PEGylated phospholipid-coated polylactic acid-glycolic acid microspheres to escape the phagocytosis of alveolar macrophages

Microspheres based on polylactic acid-glycolic acid (PLGA) copolymer have unique advantages in pulmonary controlled drug delivery. However, the clearance mechanism dominated by lung macrophage phagocytosis greatly limits the long-term retention of drugs in the deep lung. In order to avoid the scavenging effect of lung macrophages, the PLGA microspheres coated by polyethylene glycol-distearoyl-glycero-phosphoethanolamine (PEG-DSPE) was designed in this study, and the effect of chain length of PEG-DSPE and its ratio on the macrophage uptake was investigated. With coumarin 6 as a fluorescent probe, the coumarin 6-loaded PLGA microspheres was prepared by premix membrane emulsification/solvent evaporation.
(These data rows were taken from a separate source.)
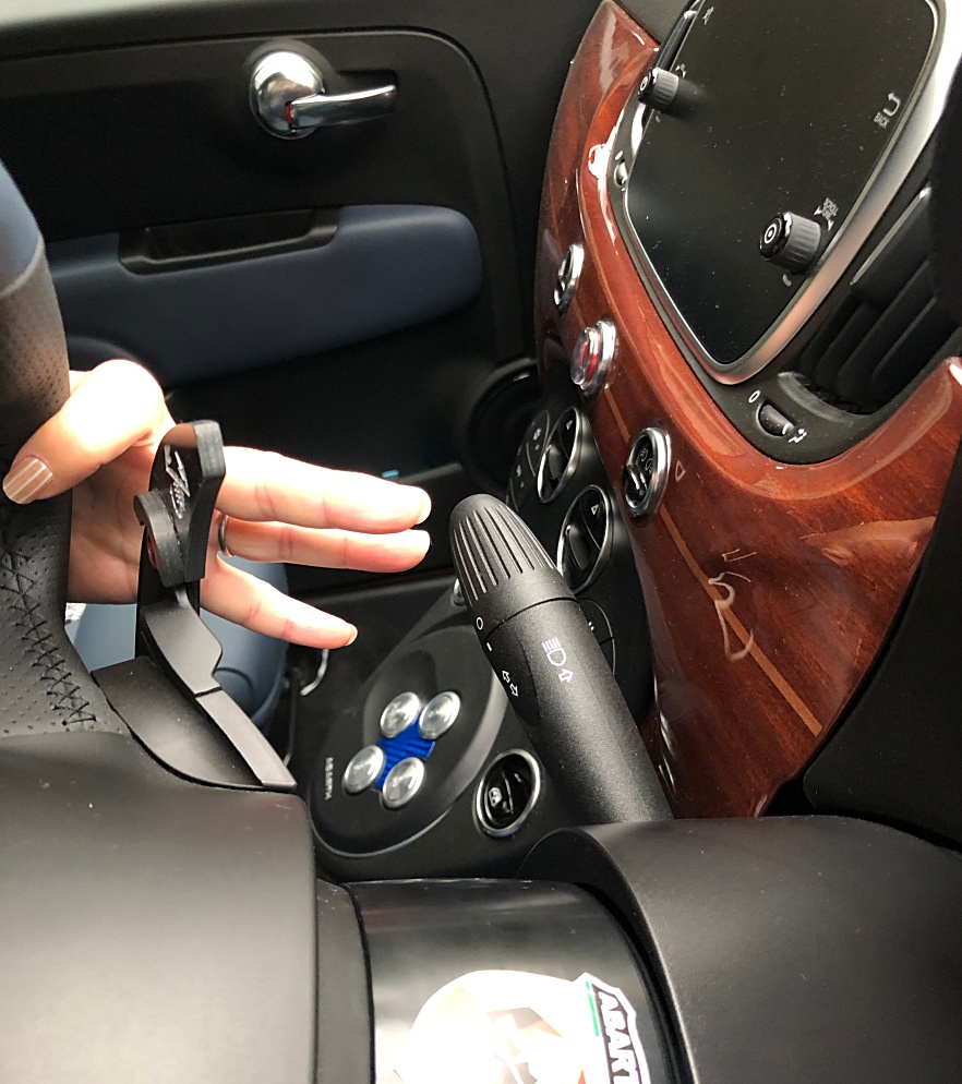 RivaleにSteering extenderを入れて、ステアリングが近くなって運転しやすくなったのだけど、ウィンカーが遠くなってしまったのは既報の通り。 この見事なまでに届かない様子を見たKさんが、ご自身と同じエクステンションを作ってくださるという!KさんのABARTH595はマニュアルなので、パドルシフトのついているRivaleに取り付けるにはちょっと加工が必要とのこと。GW始めの頃、実車で採寸、仮当てをして、気長にお願いします、とお願いしたのだった。 が、あまり待つ必要がなかった! ...
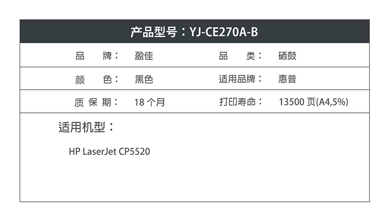 商品名称:盈佳YJ CE270A(650A)黑色硒鼓(带芯片) 适用:HP LaserJet CP5520
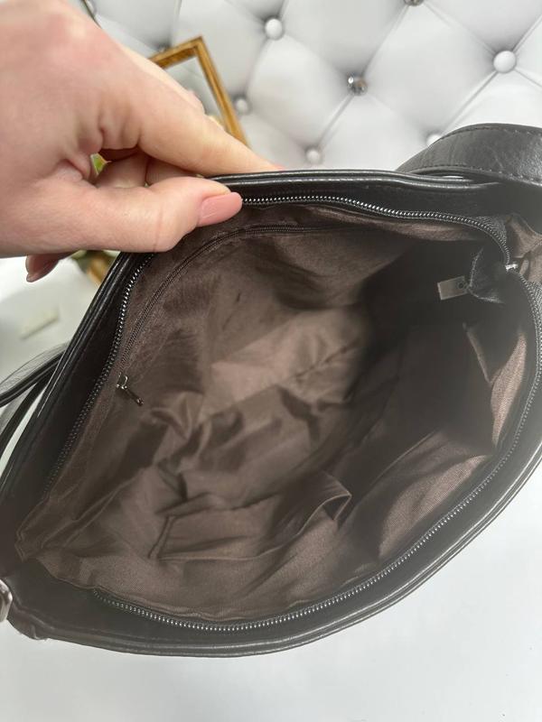 Одно отделение на молнии. Внутри карман для телефона и карман на молнии.

The particle size was controlled to 3-5 μm and the encapsulation efficiency was over 90%. After incubation in the cell culture fluid for 48 h, the in vitro leakage of fluorescein from the microspheres was less than 1.5%, eliminating the interference of free fluorescein on the cellular uptake. Murine macrophages RAW264.7 cell line was selected for the in vitro cell study. The preparations showed little toxicity to cells in the cytotoxicity study. Results of the macrophage uptake study showed that PEG₅₀₀₀-DSPE and PEG₁₀₀₀₀-DSPE coated groups with both high and low proportions (PEG-DSPE/PLGA 1:1, 0.25:1) could significantly reduce the phagocytosis of macrophages to microspheres compared with the uncoated PLGA group. For PEG₂₀₀₀-DSPE coated microspheres, the effect of escaping macrophage phagocytosis could be achieved by increasing the ratio of polyethylene glycol (PEG) on the surface of particles. Overall, the chain length of PEG-DSPE and its ratio are the key factors affecting the macrophage uptake. In pulmonary controlled drug delivery, high molecular weight of PEG-DSPE (PEG₅₀₀₀-DSPE and PEG₁₀₀₀₀-DSPE) and the high ratio (PEG-DSPE/PLGA 1:1) of PEG₂₀₀₀-DSPE can be selected to escape the phagocytosis of alveolar macrophages and prolong the drug retention in the lungs.